ANA MUHALEFET PARTİSİ BAŞKANINI BU TÖRENE ÇAĞIRMIYORSUNUZ
Çanakkale Kara Savaşları kutlamalarının bu yıl çok görkemli ve güzel olduğunu belirten Başbuğ, "Bunlarla elbette mutluluk duyduk. Ama bir tarafta Çanakkale'deki törenlere devlet töreni diyorsunuz, yabancı devlet başkanlarını çağırıyorsunuz, ama öbür tarafta sizin kendi Türkiye Cumhuriyeti Devleti'nin protokolünde en önde yer alanlardan ana muhalefet partisi başkanını bu törene çağırmıyorsunuz. Bu da anlaşılması zor bir çelişki" dedi.
İlker Başbuğ, Anıtkabir ziyaretleriyle ilgili görüşünü açıklarken de "Bir tarafta bir azınlık var, her fırsattan istifade ederek Mustafa Kemal Atatürk'ün rolünü, önemini azaltmaya çalışıyor. Ama diğer tarafta Türk milletinin büyük çoğunluğu Atatürk'ün Anıtkabrine koşuyor. Gurur verici bir tablo, saat 24.00'te yüz binlerce insan, yüreğinde Atatürk sevgisi ile Ata'sına koşuyor. Bu da üzerinde durmaya değer bir konu" diye konuştu.

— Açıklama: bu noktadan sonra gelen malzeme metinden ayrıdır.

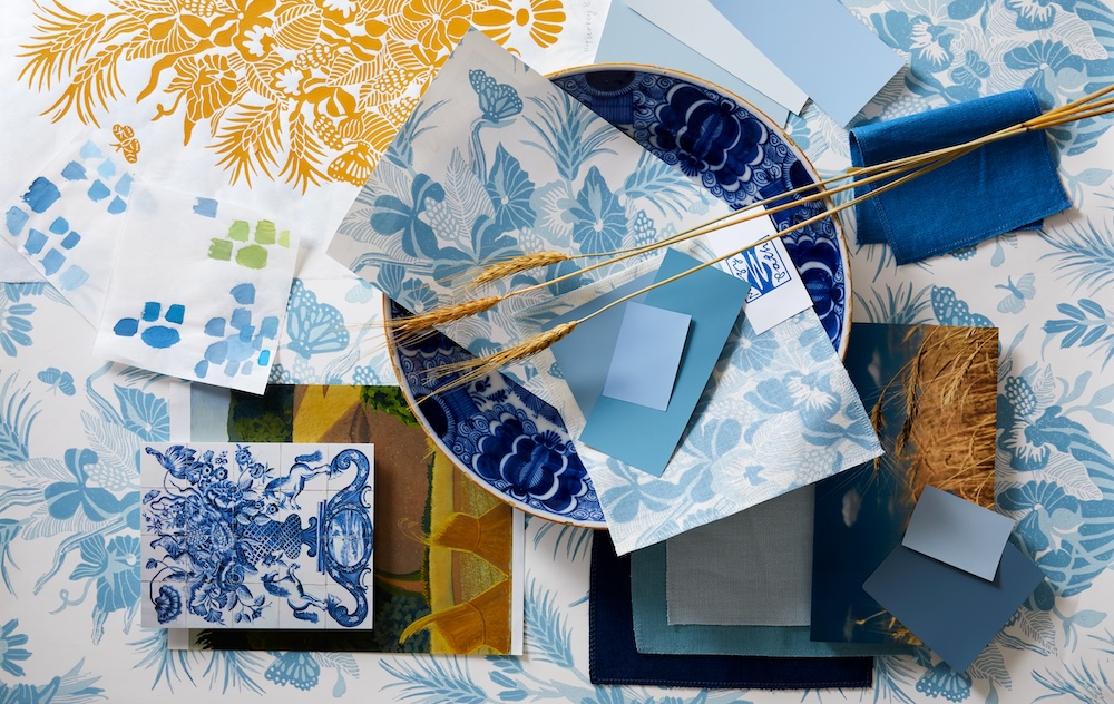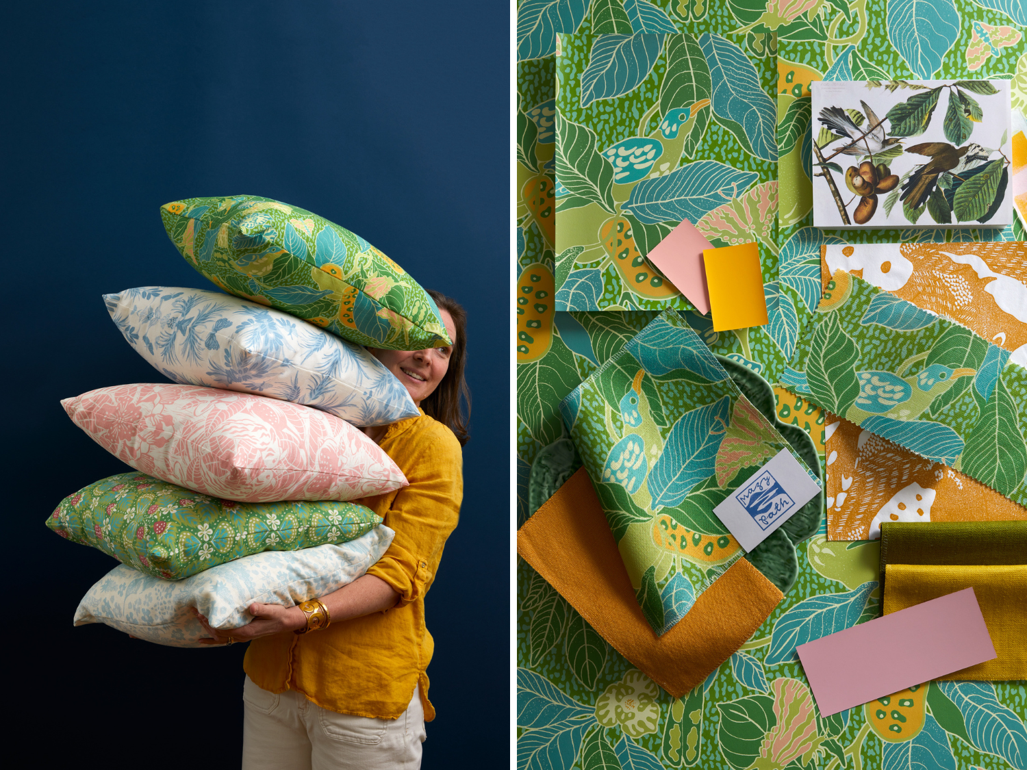 AA: The ideas for each of my wallpaper collections – Community Garden, Treasure Tree, and Heirloom – all come from the world of plants. The designs that I pulled from those collections for the Companion textile collection had a range of inspirations, from pawpaw trees to heritage grains. I named the textile collection “Companion” in reference to companion planting, an agricultural method in which crops are planted in close proximity to each other to enhance one another’s well-being. In that spirit, my wallpapers and textiles are printed on different grounds – clay-coated paper versus Belgian linen – but they share patterns in common. Paired together (with a print thrown in for good measure), they bring a full suite of wallpaper, textile and art possibilities to an interior.

TÜRKİYE'DE HUKUK KATLEDİLİYOR
İlker Başbuğ, İstanbul 32. Asliye Ceza Mahkemesi'nin, Samanyolu Yayın Grubu Başkanı Hidayet Karaca ile yasa dışı dinlemeden tutuklanan polislere tahliye kararı vermesi ve bu kararın yok hükmünde sayılmasıyla ilgili gelişmelere de değindi. Türkiye'de hukukun katledildiği görüşünü savunan Başbuğ, şunları söyledi:
"Yine çok çelişkili bir durumla karşı karşıya kaldık. Bir davadan haklarında soruşturma açılan kişiler, Silivri'de cezaevinde, bir bakıyorsunuz gece yarısı paldır küldür, bir mahkeme tahliye kararı veriyor, arkasından bakıyorsunuz başka bir mahkeme olaya müdahale ediyor, diyor ki 'Bunlar yetkisizdir tahliye kararını iptal ettik' diyor. Ya bu ne çelişkidir? Zaten biz defalarca söyledik, gerçekten Türkiye'de hukuk katlediliyor. Yani bu zaten hukukun olmadığı yerlerde diğer konuları konuşmanın bence hiçbir yararı yok. Gece yarısı o mahkeme yok bilmem ne diyor, başka bir mahkemeye yolluyor, orası tahliye ediyor, ondan sonra diğer yetkililer çıkıp diyor ki 'Bunlar yetkili değil, usulsüz yaptılar, bu karar iptal.' Yani tamamen çelişkiler içinde yaşıyoruz."